**Records shown**.

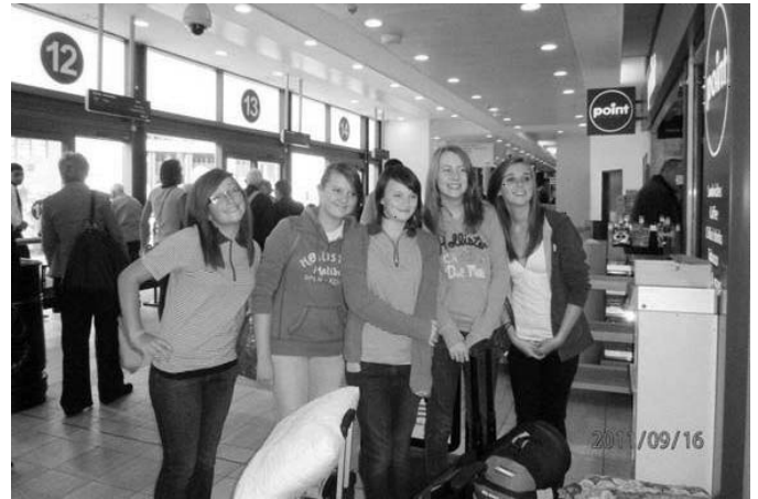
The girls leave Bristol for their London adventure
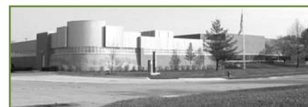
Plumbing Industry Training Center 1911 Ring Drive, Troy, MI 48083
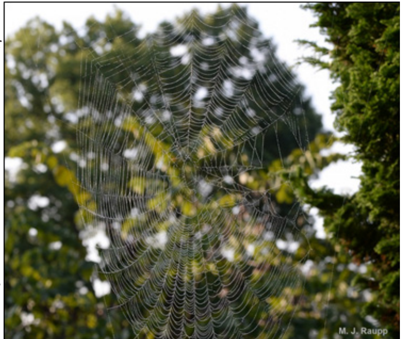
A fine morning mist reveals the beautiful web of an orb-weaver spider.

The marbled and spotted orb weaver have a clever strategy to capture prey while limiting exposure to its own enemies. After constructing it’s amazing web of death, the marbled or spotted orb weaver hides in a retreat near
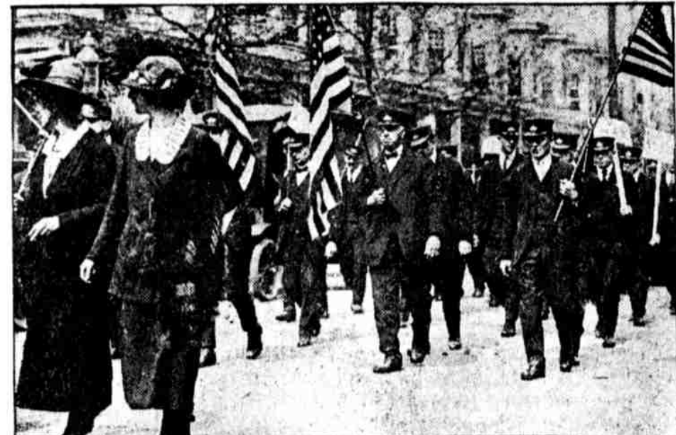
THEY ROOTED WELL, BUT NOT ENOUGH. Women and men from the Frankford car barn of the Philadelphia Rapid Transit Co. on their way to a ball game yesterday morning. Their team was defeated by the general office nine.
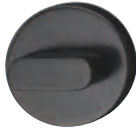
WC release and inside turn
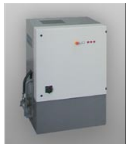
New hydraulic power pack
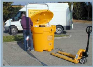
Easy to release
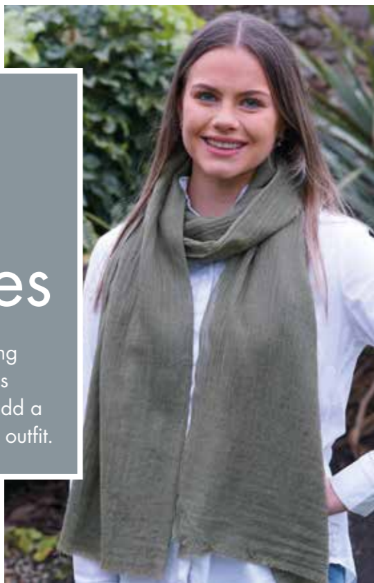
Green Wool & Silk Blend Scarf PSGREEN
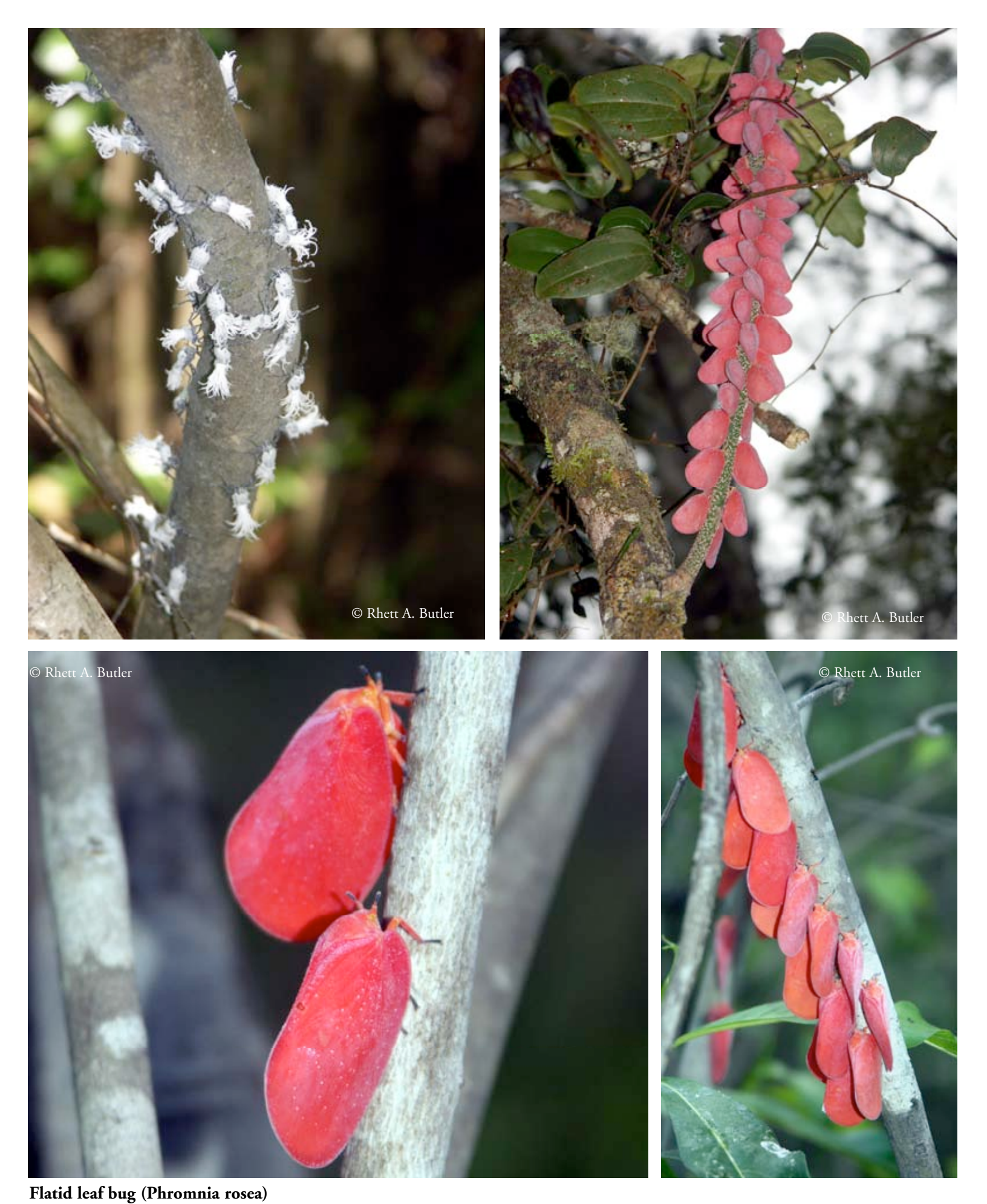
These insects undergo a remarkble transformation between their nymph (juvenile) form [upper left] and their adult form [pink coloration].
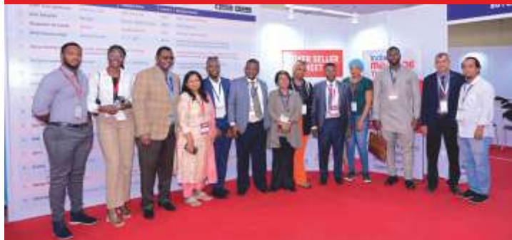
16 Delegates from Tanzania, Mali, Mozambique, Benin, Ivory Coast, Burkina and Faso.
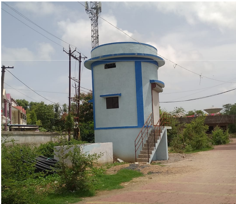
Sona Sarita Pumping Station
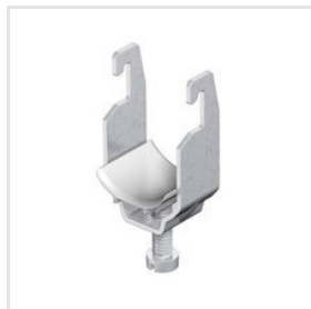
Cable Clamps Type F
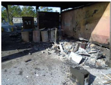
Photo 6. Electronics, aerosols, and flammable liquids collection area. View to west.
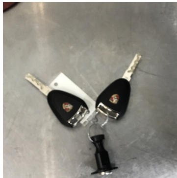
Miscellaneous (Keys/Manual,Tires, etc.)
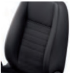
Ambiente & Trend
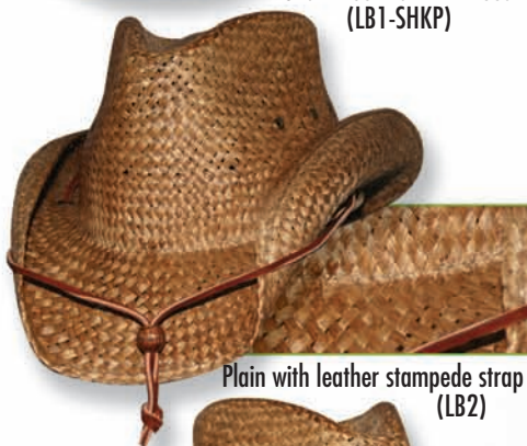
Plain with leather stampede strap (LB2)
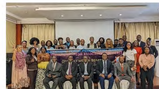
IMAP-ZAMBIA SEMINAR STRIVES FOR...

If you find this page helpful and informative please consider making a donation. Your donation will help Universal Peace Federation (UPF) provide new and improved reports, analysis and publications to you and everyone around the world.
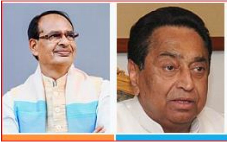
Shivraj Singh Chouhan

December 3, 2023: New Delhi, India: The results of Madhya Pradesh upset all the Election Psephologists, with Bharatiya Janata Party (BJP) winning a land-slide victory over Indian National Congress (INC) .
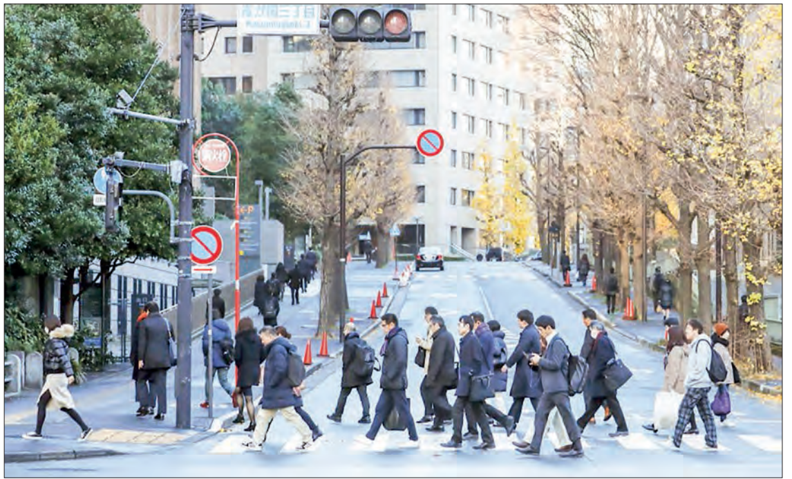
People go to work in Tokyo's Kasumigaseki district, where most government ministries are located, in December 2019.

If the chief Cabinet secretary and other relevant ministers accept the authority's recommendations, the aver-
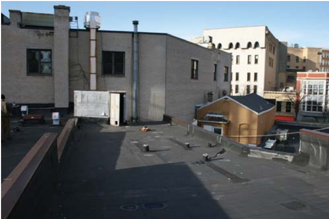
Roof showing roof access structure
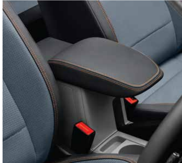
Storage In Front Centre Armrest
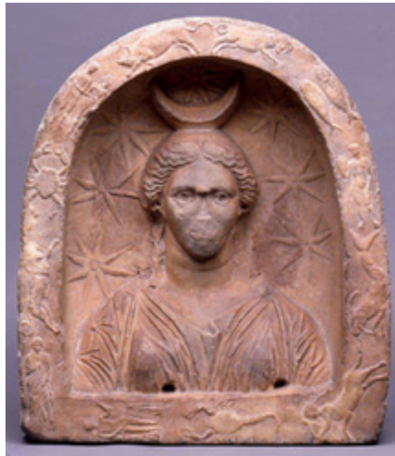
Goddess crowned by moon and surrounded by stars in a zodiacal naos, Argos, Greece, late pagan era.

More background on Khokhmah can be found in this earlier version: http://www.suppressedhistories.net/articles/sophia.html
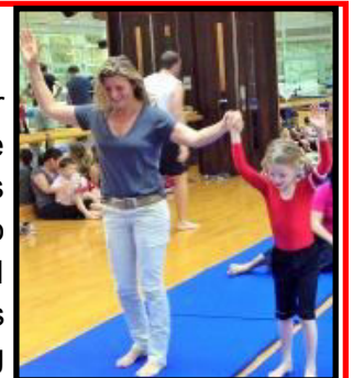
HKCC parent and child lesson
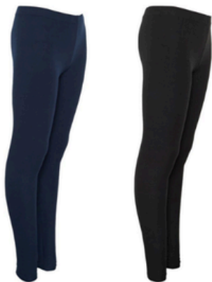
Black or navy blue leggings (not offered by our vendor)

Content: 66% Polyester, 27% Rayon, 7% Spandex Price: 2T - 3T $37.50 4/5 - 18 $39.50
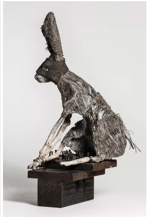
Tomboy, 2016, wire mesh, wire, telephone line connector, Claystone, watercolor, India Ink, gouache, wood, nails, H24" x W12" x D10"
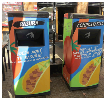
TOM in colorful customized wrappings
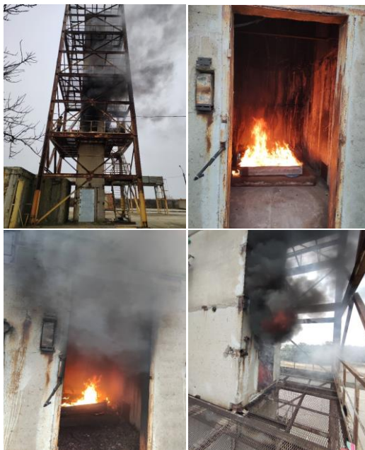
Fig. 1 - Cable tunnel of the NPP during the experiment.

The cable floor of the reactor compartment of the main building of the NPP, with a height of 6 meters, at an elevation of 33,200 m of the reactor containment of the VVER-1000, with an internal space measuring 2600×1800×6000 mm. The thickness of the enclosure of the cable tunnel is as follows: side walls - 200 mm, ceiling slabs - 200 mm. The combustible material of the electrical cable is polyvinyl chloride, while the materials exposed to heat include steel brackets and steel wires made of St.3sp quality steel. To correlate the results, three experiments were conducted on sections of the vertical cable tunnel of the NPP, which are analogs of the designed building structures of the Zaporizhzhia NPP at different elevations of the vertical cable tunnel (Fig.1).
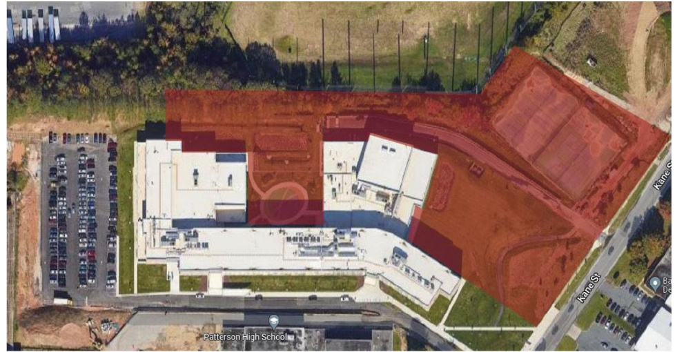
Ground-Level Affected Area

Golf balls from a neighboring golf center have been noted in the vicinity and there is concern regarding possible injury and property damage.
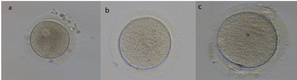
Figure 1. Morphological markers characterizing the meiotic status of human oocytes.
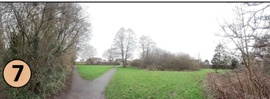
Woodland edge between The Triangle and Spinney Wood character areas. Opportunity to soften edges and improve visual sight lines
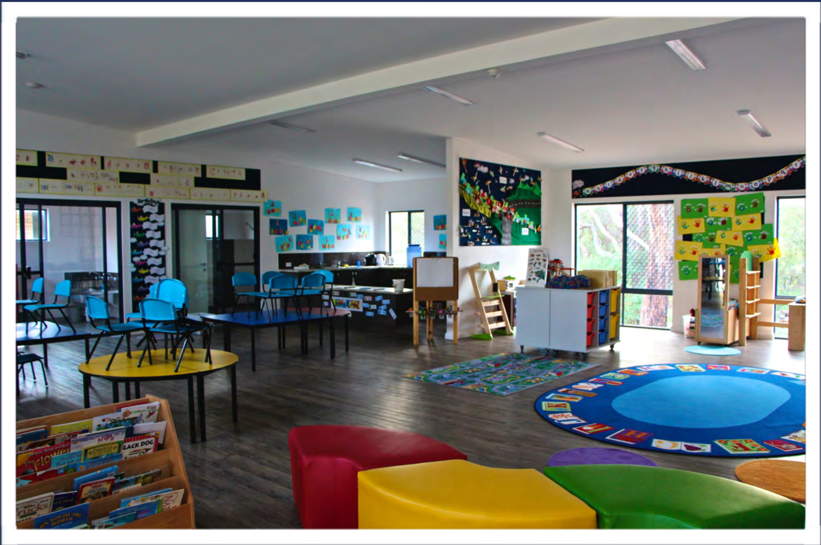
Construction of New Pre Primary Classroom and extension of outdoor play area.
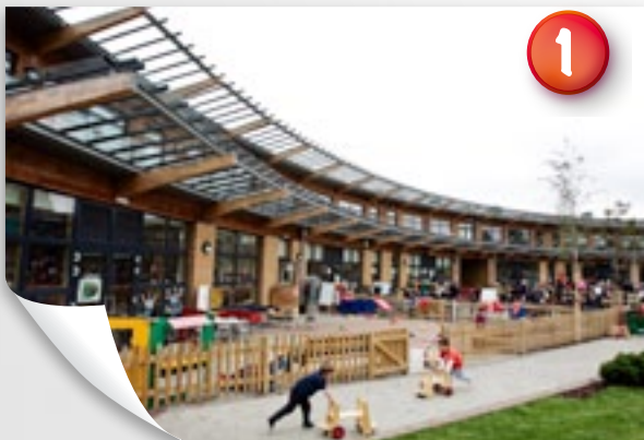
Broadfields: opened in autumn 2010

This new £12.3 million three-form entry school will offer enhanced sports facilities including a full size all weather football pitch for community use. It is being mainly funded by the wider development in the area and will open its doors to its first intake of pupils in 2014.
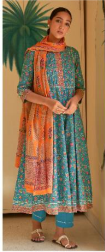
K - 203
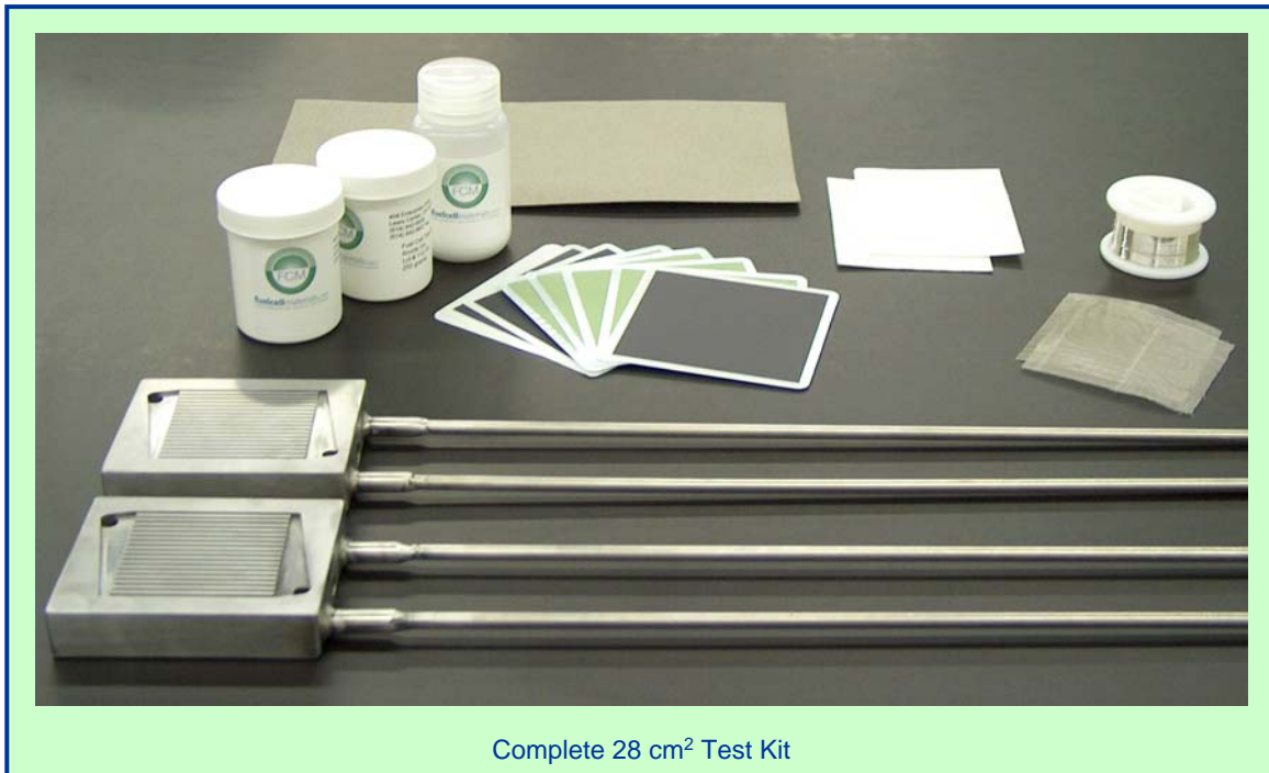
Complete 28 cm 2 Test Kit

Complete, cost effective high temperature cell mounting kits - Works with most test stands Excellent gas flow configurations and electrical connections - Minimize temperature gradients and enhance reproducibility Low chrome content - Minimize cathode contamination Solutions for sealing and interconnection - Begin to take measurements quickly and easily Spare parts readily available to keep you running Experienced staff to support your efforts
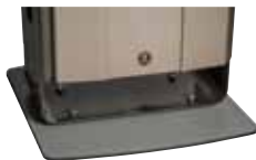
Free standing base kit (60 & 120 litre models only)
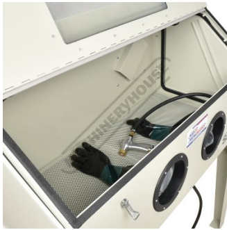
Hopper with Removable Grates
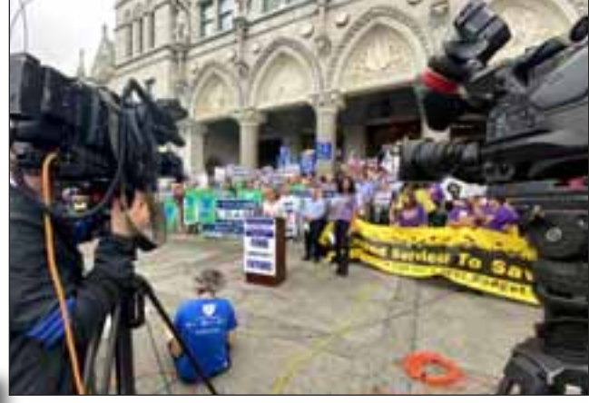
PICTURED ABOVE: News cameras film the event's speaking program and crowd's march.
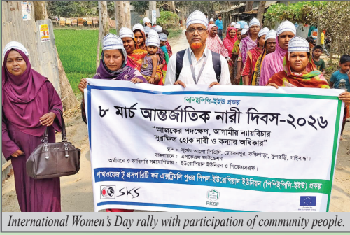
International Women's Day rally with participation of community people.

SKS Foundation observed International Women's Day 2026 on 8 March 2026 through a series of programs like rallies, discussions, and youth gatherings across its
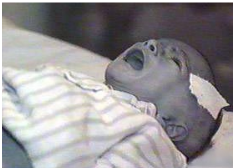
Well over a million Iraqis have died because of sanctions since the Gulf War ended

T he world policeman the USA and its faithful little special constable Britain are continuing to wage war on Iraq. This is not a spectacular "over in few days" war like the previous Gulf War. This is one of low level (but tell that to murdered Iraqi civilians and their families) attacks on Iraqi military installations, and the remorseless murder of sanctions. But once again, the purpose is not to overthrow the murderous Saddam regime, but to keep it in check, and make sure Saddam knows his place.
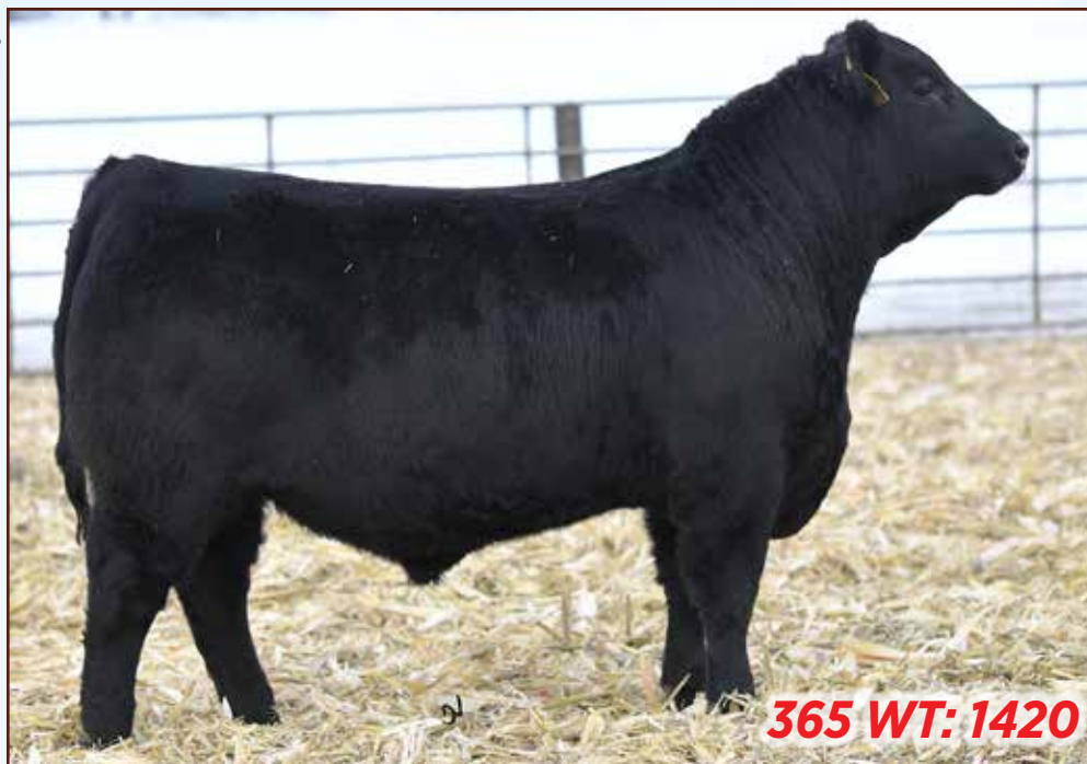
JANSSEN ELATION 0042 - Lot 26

**Required work**.
Only one stretch of the listing above is to be duplicated: the lines from the one containing "New hydraulic power pack" through the one containing "Plain with leather stampede strap (LB2)", both included. Copy them exactly, minus the pictures.

**Solution to this problem**.
New hydraulic power pack
Easy to release
Green Wool & Silk Blend Scarf PSGREEN
These insects undergo a remarkble transformation between their nymph (juvenile) form [upper left] and their adult form [pink coloration].
16 Delegates from Tanzania, Mali, Mozambique, Benin, Ivory Coast, Burkina and Faso.
Sona Sarita Pumping Station
Cable Clamps Type F
Photo 6. Electronics, aerosols, and flammable liquids collection area. View to west.
Miscellaneous (Keys/Manual,Tires, etc.)
Ambiente & Trend
Plain with leather stampede strap (LB2)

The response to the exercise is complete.